US evaluation finds security and performance gaps in DeepSeek AI models
The CAISI report was produced as part of President Trump’s America’s AI Action Plan, which mandates federal evaluation of foreign AI systems and their potential security risks.

A new evaluation by the US Department of Commerce’s Center for AI Standards and Innovation (CAISI) has found that artificial intelligence models developed by China’s DeepSeek lag behind US models in key areas including performance, cost, security, and adoption.
The assessment, conducted under the National Institute of Standards and Technology (NIST), compared three DeepSeek models (R1, R1-0528, and V3.1) against four leading US systems – OpenAI’s GPT-5, GPT-5-mini, gpt-oss, and Anthropic’s Opus 4 – across 19 benchmarks. The U.S. models outperformed their Chinese counterparts in nearly every category, particularly in software engineering and cybersecurity tasks, where they solved over 20% more tasks.
The report also highlights serious security vulnerabilities. DeepSeek’s most secure model was found to be 12 times more likely than US frontier models to follow malicious instructions, such as sending phishing emails or leaking credentials in simulations.
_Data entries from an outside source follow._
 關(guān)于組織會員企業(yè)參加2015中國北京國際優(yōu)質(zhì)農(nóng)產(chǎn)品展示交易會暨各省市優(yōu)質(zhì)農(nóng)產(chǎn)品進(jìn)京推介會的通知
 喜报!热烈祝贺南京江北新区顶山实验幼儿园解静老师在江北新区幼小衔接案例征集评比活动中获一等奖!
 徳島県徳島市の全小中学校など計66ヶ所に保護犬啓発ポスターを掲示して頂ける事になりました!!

It was also far more prone to ‘jailbreaking’ attacks, responding to 94% of malicious prompts compared to just 8% among US models.
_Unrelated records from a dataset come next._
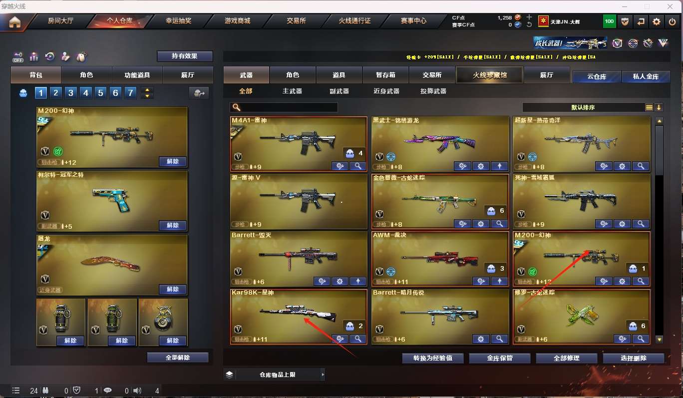 【m200-幻神+音效卡+幻神-冠军之幻】 【98k星神+音效卡】 【雷神】 【毁灭】 【裁决】 【1手呛 冠军之特】 【8近战 屠龙 擎天 炽芒蝶刃蝴蝶刀】 【手雷 雷暴雷】 【四防 王者影豹】 【角色 战地猎狐 奇洋探员 雪域霜狐】 【热带奇洋炫彩背包】
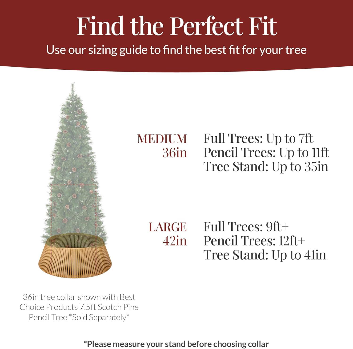 ONE SIZE FITS MANY: Use our sizing chart to determine which tree collar will best fit your tree – suitable for traditional trees, full trees, and more! Sizing: (36″/42″) up to 7.5ft trees or 35″ Stand/8ft+ or up to 41″ Stand
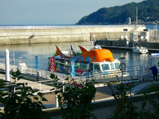 ペットも乗船できる、はるひら丸イルカ号です。 45分間の海中展望、なかなかおもしろそうですが・・・ |
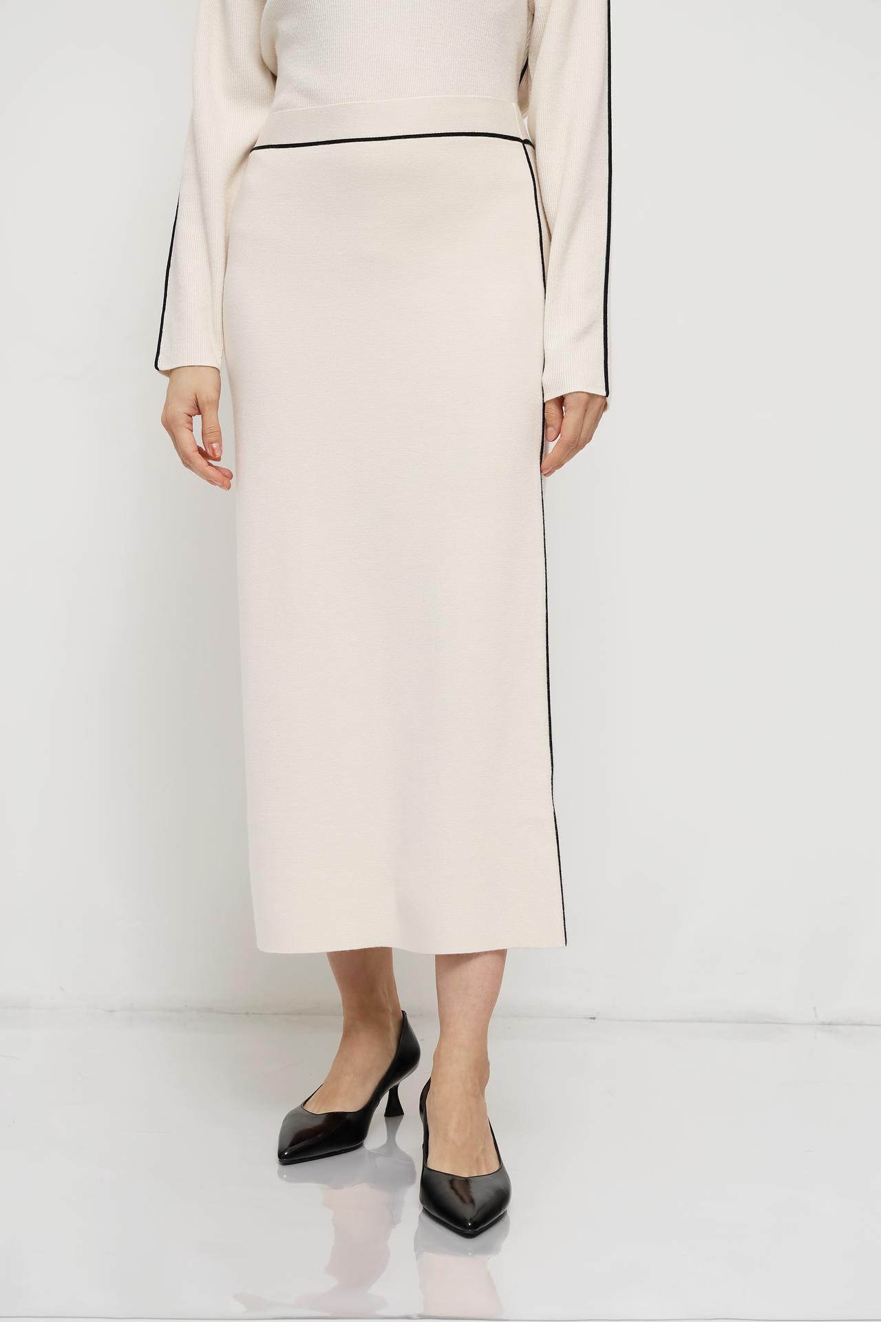 - Контрастная отделка: Чёрная окантовка по швам и поясу придаёт изделию графичность и современный вид, подчёркивая линии силуэта и добавляя изысканности. Это стильный акцент, который делает юбку уникальной.

Cost efficiency was another concern: US models performed similar tasks at roughly one-third lower cost. Additionally, evaluators found that DeepSeek systems frequently amplified misleading narratives aligned with the Chinese Communist Party, raising questions about information integrity and model alignment.
The CAISI report was produced as part of President Trump’s America’s AI Action Plan, which mandates federal evaluation of foreign AI systems and their potential security risks.